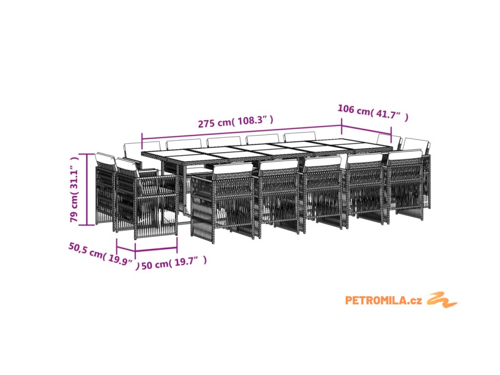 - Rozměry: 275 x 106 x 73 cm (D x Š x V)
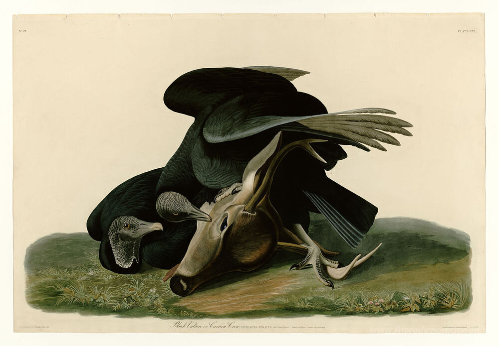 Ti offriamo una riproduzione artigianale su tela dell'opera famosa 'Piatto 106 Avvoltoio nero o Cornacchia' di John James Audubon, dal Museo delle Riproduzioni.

---

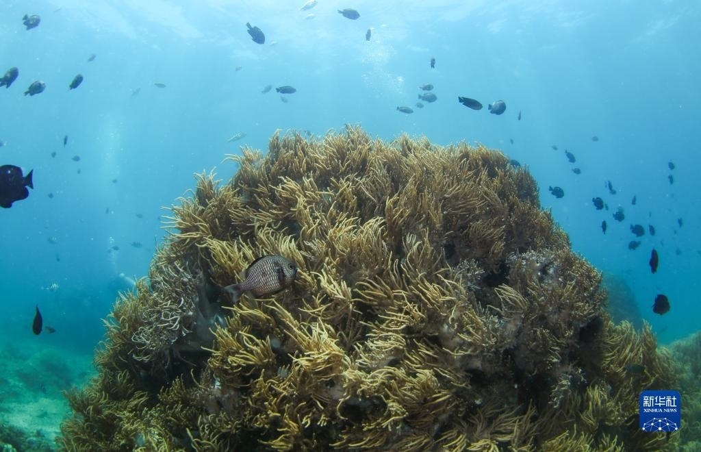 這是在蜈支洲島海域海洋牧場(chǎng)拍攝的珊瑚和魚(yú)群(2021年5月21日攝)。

Your instructions> Print the part of the listing above that opens with the line containing "- Rozměry: 275 x 106 x 73 cm (D x Š x V)" and closes with the line containing "Ti offriamo una". Copy it exactly, both ends included, and omit the pictures.

Response to the task>
 - Rozměry: 275 x 106 x 73 cm (D x Š x V)
 Ti offriamo una riproduzione artigianale su tela dell'opera famosa 'Piatto 106 Avvoltoio nero o Cornacchia' di John James Audubon, dal Museo delle Riproduzioni.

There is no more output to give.